| RESEARCH PAPER
|Year : 1976 | Volume
| Issue : 4 | Page : 211-220
The effect of modification of autonomic activity on cardiac acetylcholine, tissue glycogen and blood sugar in albino rats and frogs
SN Dube, PN Singh, PK Das
The effects of a number of autonomic agents and procedures which modify cholinergic and/or adrenergic activity were studied on cardiac acetylcholine, cardiac, skeletal muscle and hepatic glyeogen and blood sugar contents in albino rats and frogs.

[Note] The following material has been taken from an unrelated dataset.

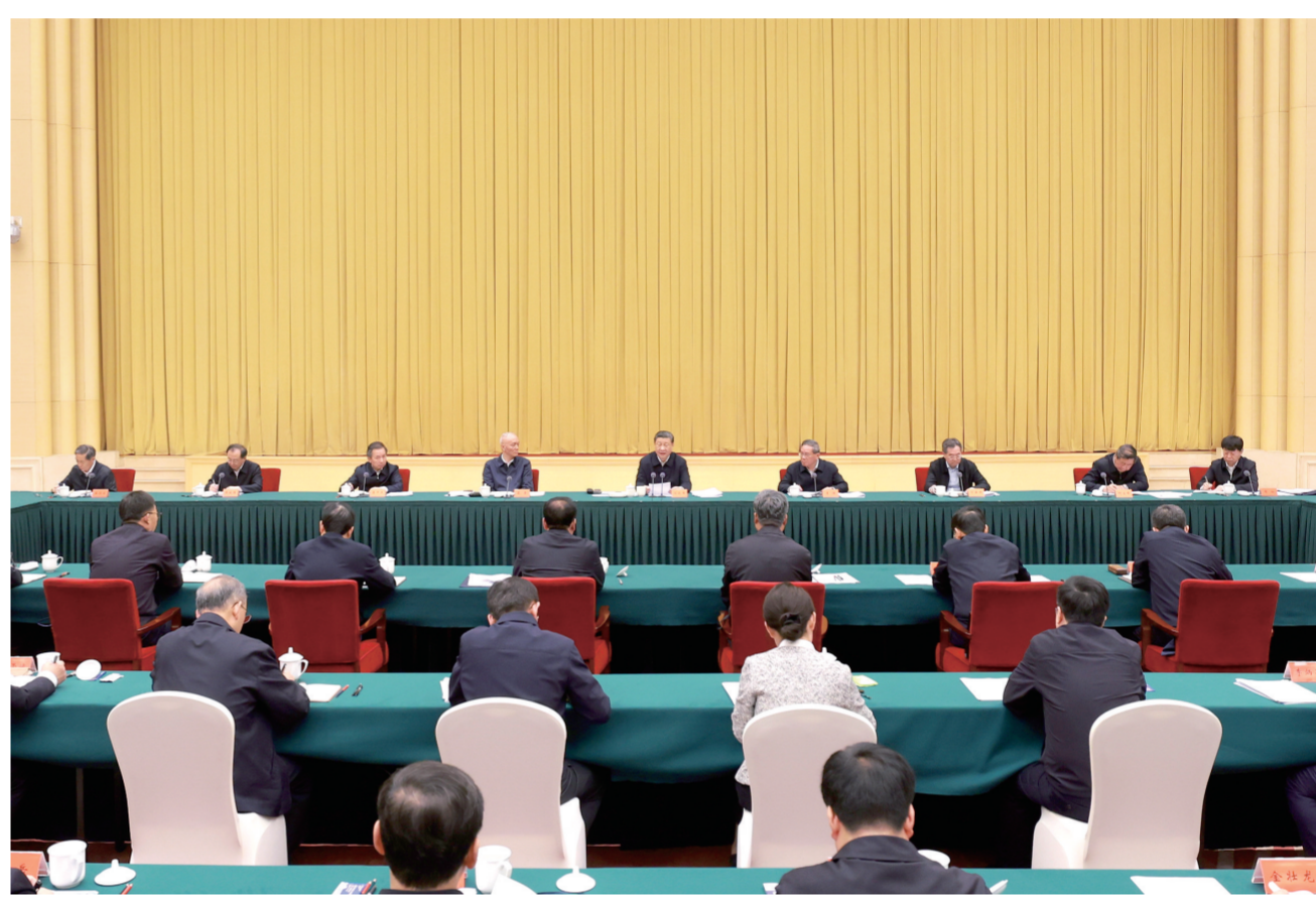
4月23日下午，中共中央总书记、国家主席、中央军委主席习近平在重庆主持召开新时代推动西部大开发座谈会并发表重要讲话。

新华社重庆4月23日电 中共中央总书记、国家主席、中央军委主席习近平23日下午在重庆主持召开新时代推动西部大开发座谈会并发表重要讲话。他强调，西部地区在全国改革发展稳定大局中举足轻重。要一以贯之抓好党中央推动西部大开发政策举措的贯彻落实，进一步形成大保护、大开放、高质量发展新格局，提升区域整体实力和可持续发展能力，在中国式现代化建设中奋力谱写西部大开发新篇章。

Tissue glycogen content was found to be higher, blood sugar much lower and cardiac acetylcholine slightly lower in frogs than in rats. Physostigmine treatment increased cardiac acetylcholine content in rats as well as in frogs. Atropine reduced cardiac acetylcholine contents in rats as well as in frogs. Vagotomy and pentolinium reduced cardiac acetylcholine content in rats and frogs, respectively. Modification of adrenergic activity did not affect cardiac acetylcholine content. Physostigmine in higher doses slightly increased ventricular glycogen in rats. Vagotomy reduced ventricular es well as hepatic glycogen in rats. Propranolol produced an increase in ventricular as well as muscle glycogen and decrease in blood sugar in rats but not in frogs. Adrenalectomy and 6-hydroxydopamine produced tissue glycogenolysis in rats. Pentolinium had variable effects in rats and frogs. The results indicate that cardiac acetylcholine content can be modified by altering parasympathetic activity and that adrenergic as well as cholinergic systems both effect tissue glycogen level.